Die wenigsten von uns können sich für ihre Glaubenspraxis
heute noch einfach von einer starken gläubigen Umgebung mittragen lassen. Wir
mussen uns vielmehr bewußt dafür entscheiden, bekennende Christen sein zu
wollen und den Mut zu haben, uns von unserer Umgebung, wenn nötig, zu
unterscheiden. Voraussetzung für solch ein entschiedenes christliches
Lebenszeugnis ist, daß wir den Glauben als eine kostbare Lebenschance
wahrnehmen und ergreifen, die den Lebensdeutungen und der Lebenspraxis der
Umwelt überlegen ist. Wir sollten jede Gelegenheit nutzen, um zu erfahren,
wie der Glaube unser Leben bereichert, wie er in uns zuverlässige Treue im
Lebenskampf bewirkt, wie er unsere Hoffnung stärkt gegen den Ansturm jeder
Art von Pessimismus und Verzweiflung, wie er uns an allem Extremismus vorbei
zu einem überlegten Engagement für Gerechtigkeit und Frieden in der Welt
motiviert, wie er uns schließlich im Leid trösten und aufrichten kann.
Aufgabe und Chance der Diasporasituation ist es also, bewußter zu erfahren,
wie der Glaube hilft, voller und tiefer zu leben.

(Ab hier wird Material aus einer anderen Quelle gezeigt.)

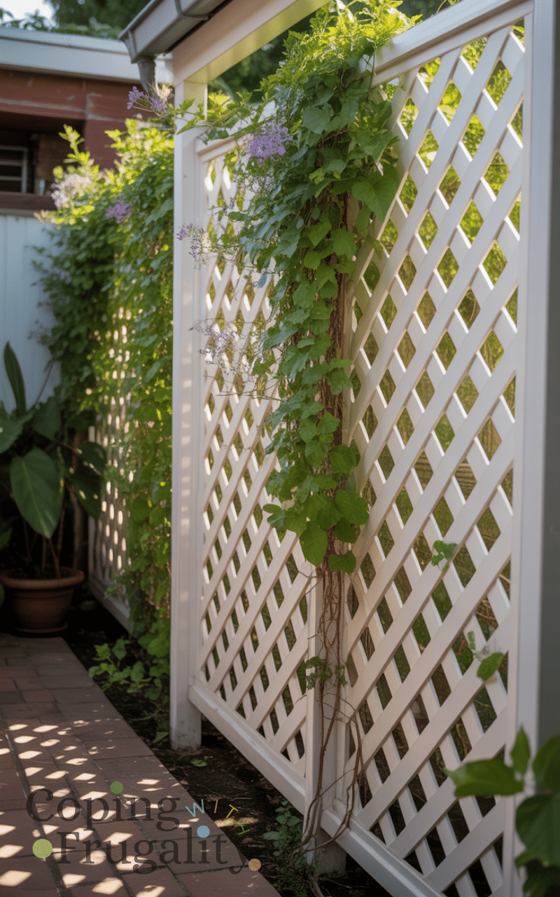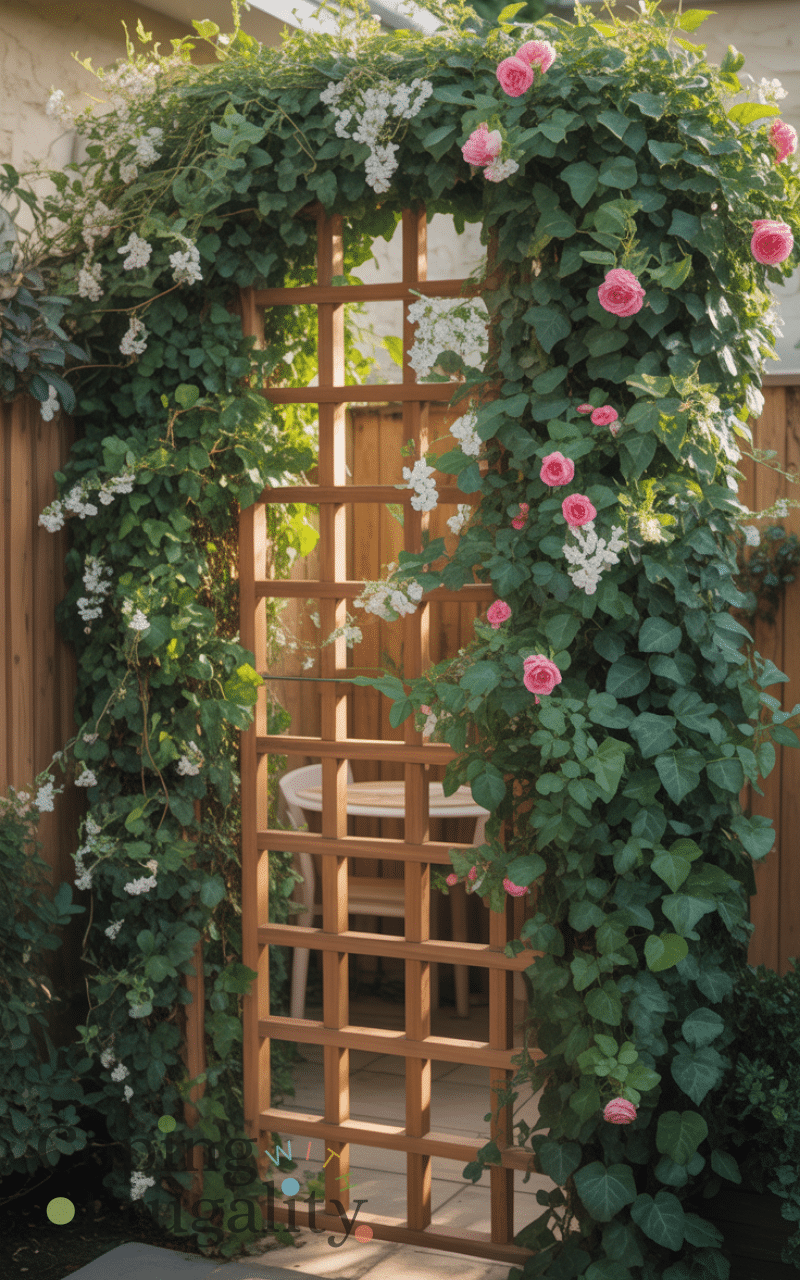 A trellis with climbing plants is a beautiful small backyard privacy solution on a budget. Plants like ivy, jasmine, or climbing roses create a natural privacy wall over time. Trellises are inexpensive, and plants grow fuller each season, making this a long-term, low-cost solution that improves with age.

4. Niemand aber glaubt nur für sich allein. Der Herr hat
seine Jünger in eine Gemeinschaft berufen, in das pilgernde Gottesvolk, in
die Kirche, die er wie einen lebendigen Leib mit seiner Lebenskraft
durchwirkt. Dort wo mehrere Gläubige zum gemeinsamen Bekennen, Feiern, Beten
und Handeln zusammenkommen, will der Herr ihnen begegnen. ”Wo zwei oder drei
in meinem Namen versammelt sind, da bin ich mitten unter ihnen“. Als wollte
der Herr mit diesen Worten bereits auf eine Diasporasituation anspielen,
spricht er nicht von tausend, nicht von hundert oder zehn, sondern von ”zwei
oder drei“! Schon hier verspricht uns der Herr seine helfende Gegenwart!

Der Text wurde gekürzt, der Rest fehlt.